- _What you are asked to do_
Copy the data exactly. Images are the one exception.

- _Information shown_

★ ★ ★ ★

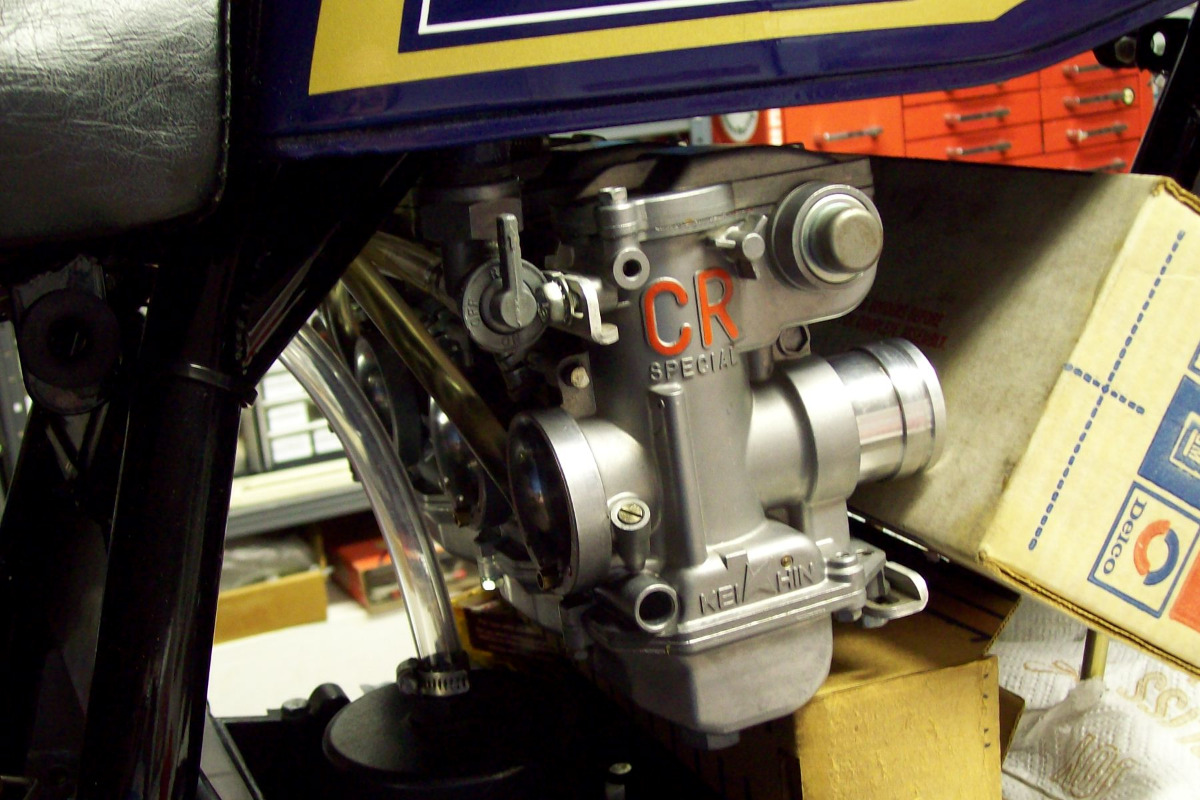 Still waiting on my cylinder head to arrive. So I am getting everything else ready for final assembly. The CR Keihins that I am using on this bike have sat in a box for 32 years, When I fired the bike up last year for the first time, I had some fuel leaking out of the inlet fuel tees. So I decided to replace every O-ring in these carbs. Glad I did!!!!! They were all flat, and mostly hard as rocks. I had all but one O-ring on hand. So I only had to order one O-ring. Plus I decided to lean the jetting out just like I had to for my Mikuni flatslides on my GSXR750. I had to drop 4 main jet sizes just to get a nice plug color. So I did the same on the CR's. Lean is mean.
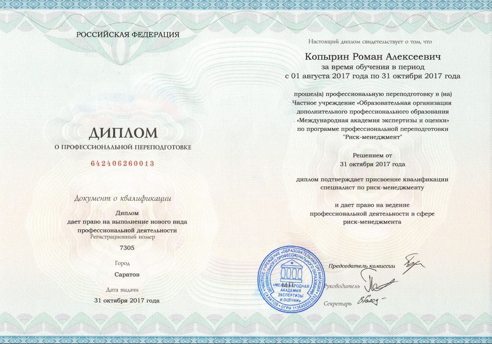 В результате обучения Вы получаете диплом о профессиональной переподготовке
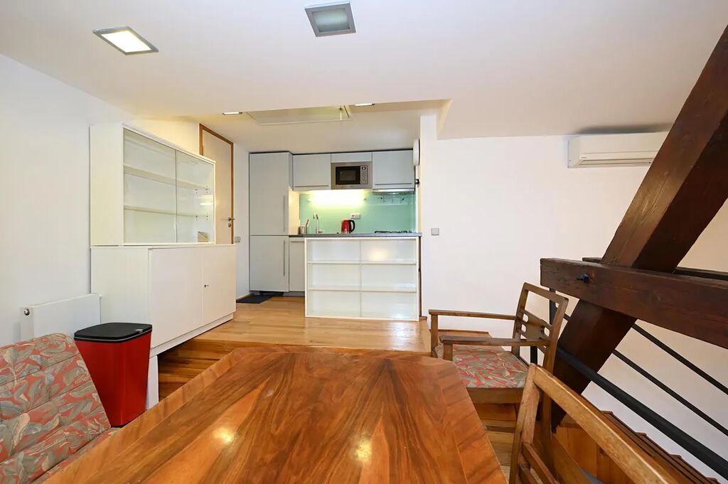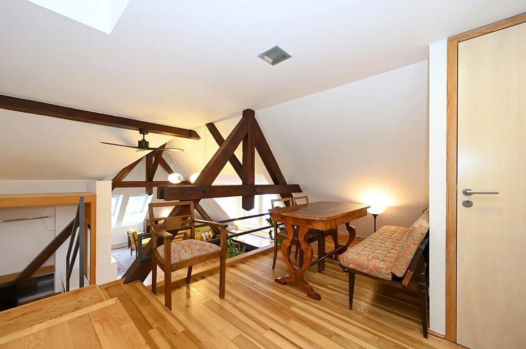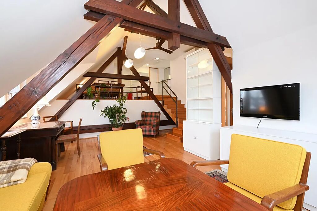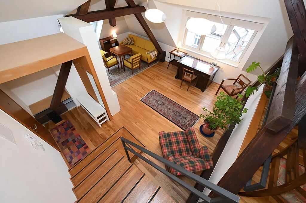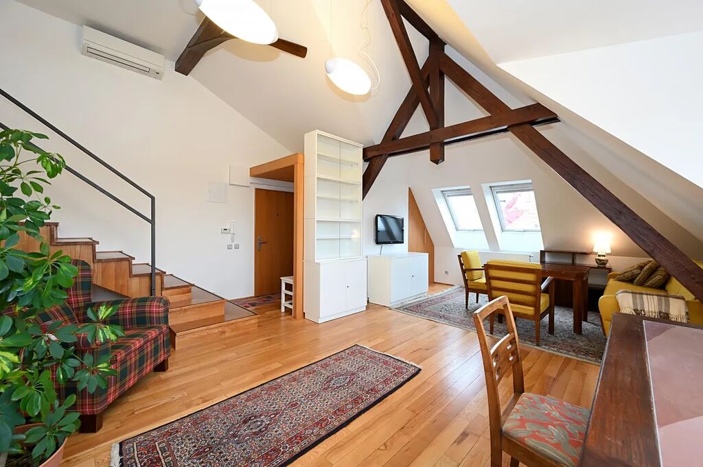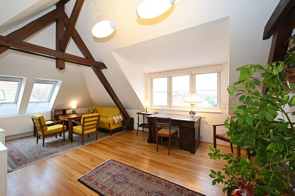 Vyjímečně situovaný, atypický nově vymalovaný, plně zařízený podkrovní byt 2+kk 66 m2 k dlouhodobému pronájmu.

★ ★ ★ ★

- _Completed task_
 Still waiting on my cylinder head to arrive. So I am getting everything else ready for final assembly. The CR Keihins that I am using on this bike have sat in a box for 32 years, When I fired the bike up last year for the first time, I had some fuel leaking out of the inlet fuel tees. So I decided to replace every O-ring in these carbs. Glad I did!!!!! They were all flat, and mostly hard as rocks. I had all but one O-ring on hand. So I only had to order one O-ring. Plus I decided to lean the jetting out just like I had to for my Mikuni flatslides on my GSXR750. I had to drop 4 main jet sizes just to get a nice plug color. So I did the same on the CR's. Lean is mean.
 В результате обучения Вы получаете диплом о профессиональной переподготовке
 Vyjímečně situovaný, atypický nově vymalovaný, plně zařízený podkrovní byt 2+kk 66 m2 k dlouhodobému pronájmu.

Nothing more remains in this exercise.